Bruce Thomlinson, Judy Booth and Anja Van Beek, all civil servants working for the federal government, died in the crash, which injured 23 others.

Even though five days have passed since the accident, police have not yet been able to examine the bus because a warrant has not been issued to give permission. It means police also haven’t yet accessed any cameras or other data recording equipment such as the ‘black box’ that would have been on board.

“This is not a bus that belongs to the Ottawa Police Service and we want to make sure that we are doing things methodically and according to law,” Bordeleau said.

“OC Transpo and the City of Ottawa have been very co-operative, and they’ve said, ‘Take the bus, look at it.’ And we said thank you very much, but we still have to get that judicial authorization in the light of any potential proceedings in the courts to make sure that we’ve gathered the evidence properly. So that’s why there’s been a slight delay.”

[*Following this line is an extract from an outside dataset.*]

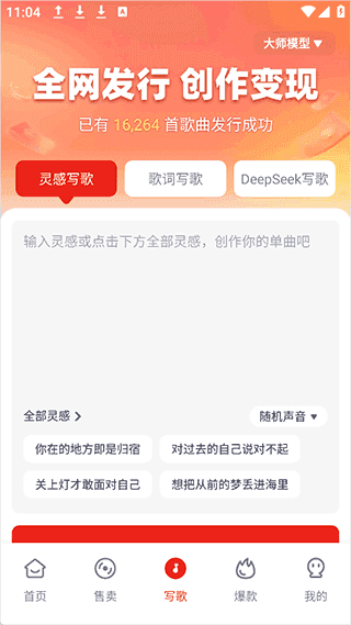 1、用户打开登录小元音乐圈ai写歌赚钱软件后首先在写歌界面中进行ai音乐创作
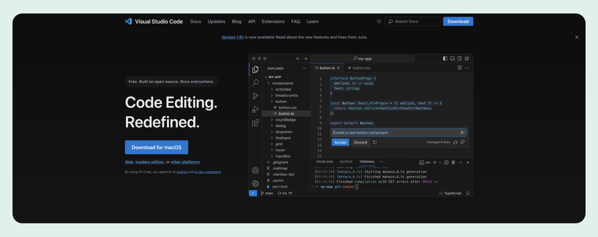 Visual Studio Code: A versatile editor with numerous extensions for various programming languages, which can be easily installed from its marketplace. Features like IntelliSense for code completion, debugging tools, and integrated Git support make VSCode a powerful tool regardless of your experience.

Police covered the badly damaged bus with a tarp and towed it away from the scene of the accident on Saturday. They also gathered evidence from the scene and used drones to capture aerial visuals of the crash scene.

The double-decker transit bus was travelling to Kanata’s suburban Bridlewood neighbourhood from downtown Ottawa when it hopped a curb and struck the Westboro transit shelter at about 3:50 p.m. just as rush hour began. It plowed along a station platform and into the overhanging roof of the transit shelter, which carved deep into the vehicle’s upper level and crushed a number of seats.

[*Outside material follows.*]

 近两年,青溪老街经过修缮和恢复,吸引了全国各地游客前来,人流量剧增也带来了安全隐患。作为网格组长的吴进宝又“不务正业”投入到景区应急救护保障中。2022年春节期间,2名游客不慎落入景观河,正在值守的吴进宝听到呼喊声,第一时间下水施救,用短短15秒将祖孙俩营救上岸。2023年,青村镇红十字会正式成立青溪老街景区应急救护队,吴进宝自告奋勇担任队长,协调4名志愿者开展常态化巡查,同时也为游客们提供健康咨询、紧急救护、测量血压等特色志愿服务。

Many of the injured survivors sustained injuries to their lower limbs and required amputations, emergency doctors at Ottawa Hospital told The Canadian Press earlier this week.

The only thing ruled out as a cause so far is impaired driving, but everything else, from weather and road conditions to the driver’s history are part of the ongoing investigation. The driver was involved in another bus accident a month ago, but few details of this prior incident have been released. She was initially arrested, questioned and released without charge following the crash on Friday, but police continue to probe whether charges should be laid.

TSB cleared for limited involvement

Bordeleau also said the police have accepted an offer of technical help from the TSB to help determine the cause of the accident. The TSB isn’t automatically part of bus crash investigations, but a number of calls were issued for them to lead this one – including from parents of the deadly Humboldt Broncos bus crash in April 2018.

The TSB will not lead the investigation or be able to issue national recommendations, Bordeleau said. Since this accident does not involve planes, trains, marine vessels or pipelines, the TSB does not have jurisdiction, and has signed a memorandum of understanding with the provincial coroner’s office to take part.

It will lend its engineering expertise to help with collision reconstruction as well as vehicle and road design analysis. Any recommendations the TSB wishes to make will be to the coroner’s office or through the local fatal accident motor vehicle collision committee.

“The coroner always has the option of calling a coroner’s inquest where those types of recommendations can also be pushed through,” Bordeleau said, stressing that the Ottawa police will remain the lead investigators of the crash.

If immediate safety concerns are uncovered during the probe, they will be relayed to the City of Ottawa and be made public by the police, he added.